Work task: Omit all pictures, then repeat the listing exactly.

Information supplied below:

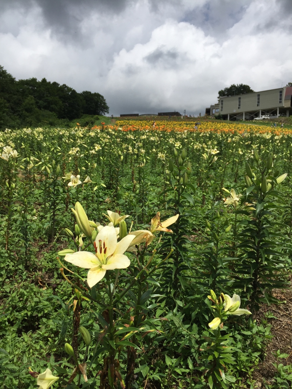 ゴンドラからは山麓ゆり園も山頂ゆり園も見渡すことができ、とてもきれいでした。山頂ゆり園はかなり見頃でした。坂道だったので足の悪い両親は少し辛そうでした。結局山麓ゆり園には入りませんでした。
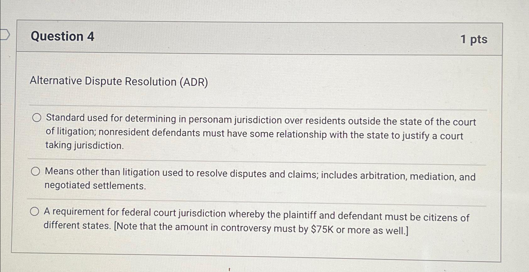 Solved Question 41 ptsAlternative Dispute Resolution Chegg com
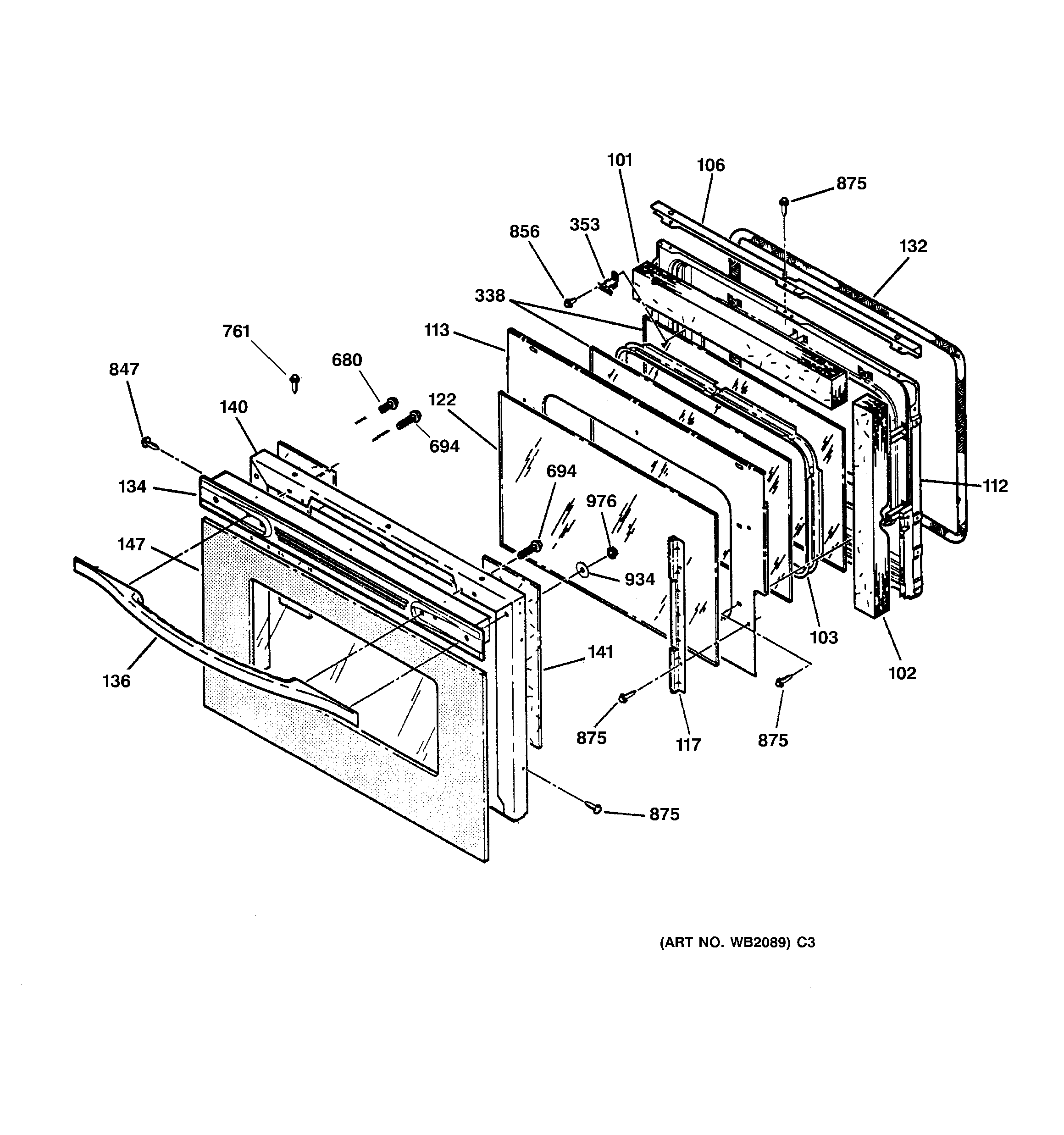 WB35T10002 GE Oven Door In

End of Information supplied.

Written answer:
 ゴンドラからは山麓ゆり園も山頂ゆり園も見渡すことができ、とてもきれいでした。山頂ゆり園はかなり見頃でした。坂道だったので足の悪い両親は少し辛そうでした。結局山麓ゆり園には入りませんでした。
 Solved Question 41 ptsAlternative Dispute Resolution Chegg com
 WB35T10002 GE Oven Door In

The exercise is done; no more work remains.